İlk yarının iki olayı peş peşe geldi. 38’de Larin, Boffin’in boşalttığı kaleye acayip bir şut çekti, Boffin toptan önce kalesine dönerek golü önledi. Bir dakika sonra da bastıran Beşiktaş, kontrayla golü yedi. Fredy’nin topuyla soldan hızla Beşiktaş yarı alanına inen Eren, beklenmedik bir anda harika bir orta ile Gökdeniz’i buluşturdu. Gökdeniz kafayla golü atarken Welinton ve Vida arkasından çaresizlikle seyrediyordu.
Sergen Hoca, ilk yarının arızalı onbirine ancak 57’de dokundu. Atiba, Ljajjic ve N’Koudou’yu alıp Mensah, Oğuzhan ve Ghezzal’ı oyuna sürdü. Biraz hareketlendi Beşiktaş. 73’te Ghezzal asistiyle Vida’nın kafasından beraberliği yakaladılar ama… Aboubakar’da bir durgunluk, anlaşılmaz bir uyumsuzluk vardı. Arkadaşlarıyla senkron tutturamıyordu Kamerunlu.
Yine de haksızlık yapmayalım… Beşiktaş golü bulduktan sonra on kişi kalan rakibi karşısında inanılmaz pozisyonlar yakaladı. Hepsi de kendi kurduğu oyunla Antalyaspor takımını bütünüyle kendi savunma bölgesine adeta hapsetti. Mensah, Oğuzhan ve Larin’in talihsizlikle kaçırdığı goller heyecan yarattı.

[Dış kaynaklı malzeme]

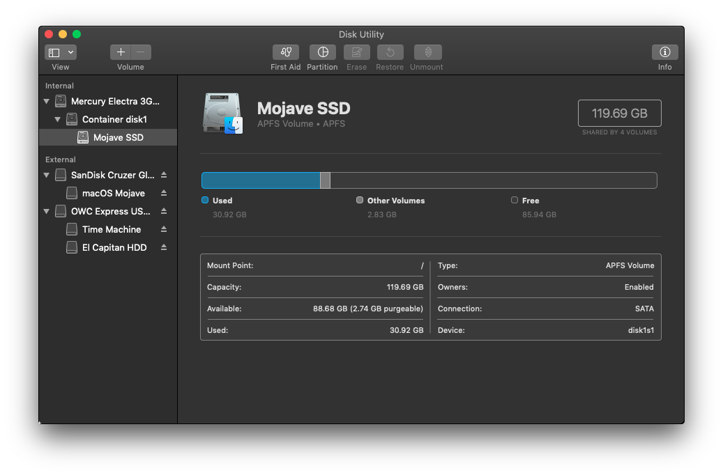 I thought that this glitch would come back after installing an OS on an APFS drive, but it did not, so I thought maybe it was a one time thing. Everything was perfect and smooth until updating from native Software Updater (OTA). After updating to the GM canidate, 18A389, my drive size was not correct, showing 50gb instead of 30gb.View attachment 781382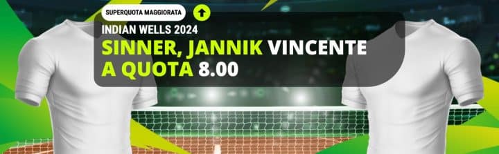 Tempo di sorprese e leggende nel deserto della California, al BNP Paribas Open. Giorni destinati a segnare la storia, personale e non solo, come quello appena terminato con la vittoria di Luca Nardi su Novak Djokovic. E ancor di più come quello che ci apprestiamo a vivere, che vedrà protagonista colui che ora è il favorito n.1 a portare a casa il torneo, Jannik Sinner. La sconfitta di Nole dà un’ulteriore speranza all’azzurro di uscire con il trofeo domenica 17 marzo. Ipotesi più che concreta, come da inizio torneo suggeriscono i bookmakers, con la quota dell’altoatesino scivolata a 2,75 su Bet365. Ma rimane, anzi ora spicca, la maggiorata promossa da Goldbet e Better per i nuovi iscritti, che potrebbero vincere 8 volte la posta giocata investendo sul trionfo di Sinner ad Indian Wells. Giocata che con il nuovo sviluppo del tabellone assume tinte ancor più favorevoli e positive. Ricordiamo che va effettuata sempre entro l’inizio del primo match di giornata.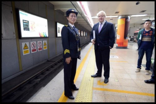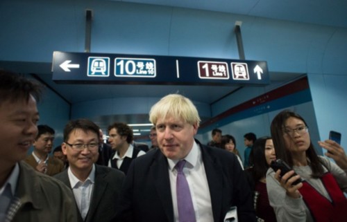 10月15日,北京,伦敦市长鲍里斯·约翰逊体验北京地铁一号线,从西单站乘坐至公主坟站,与交通负责人进行交流,视察中国首都的交通是如何运营的。
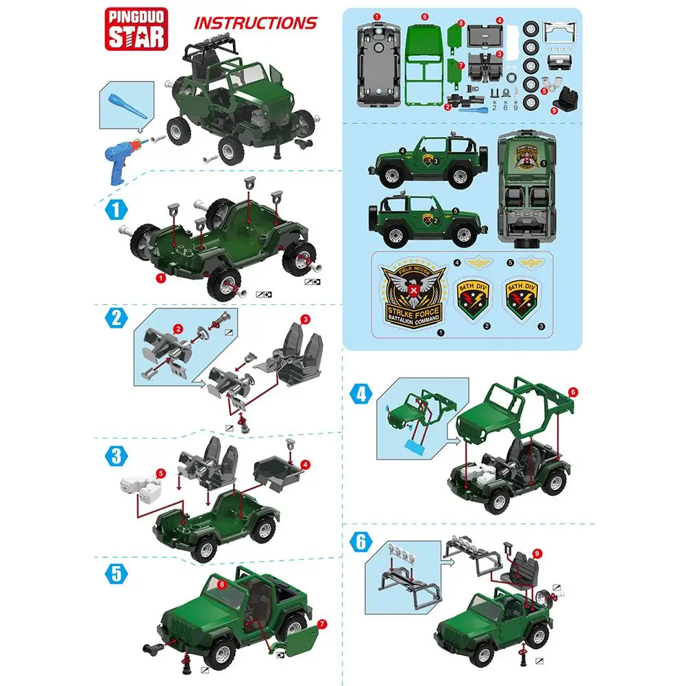 44 шт./компл. DIY Сборная модель Jeep Car Kit Детская дрель шурупы игрушки строительная

Topun mülkiyeti Beşiktaş’a ait (66/34) Adeta tek başına oynadılar. Özellikle ikinci yarıda Antalyaspor’u çepeçevre kuşattılar. O kadar ki kaleci Ersin, kendi ceza alanı dışında adeta nöbetçi libero gibi oynayıp arada gelen topları yeniden oyuna sokuyordu. Ama o topu bir daha kaleye sokmak mümkün olmadı.
Tanık vicdanıyla da anlatalım: Antalyaspor dün hem zamanı hem de oyunu harcadı. Yat, kalk, herkesi beklet keyfine bak!
Oyuna saygı göstermediler. Futbolumuzu yönetenler, MHK bu soruna çözüm bulmalı. Oyalayan kaleci, yalancıktan yatan futbolcu, hakemi aldatan oyuncu kart görmez mi? Hiç mi uyarılmazlar yani!
Futbolun adaleti: Oynayana da oynamayana da 1’er puan. Ne dersiniz, bu maçı kimler kazandı?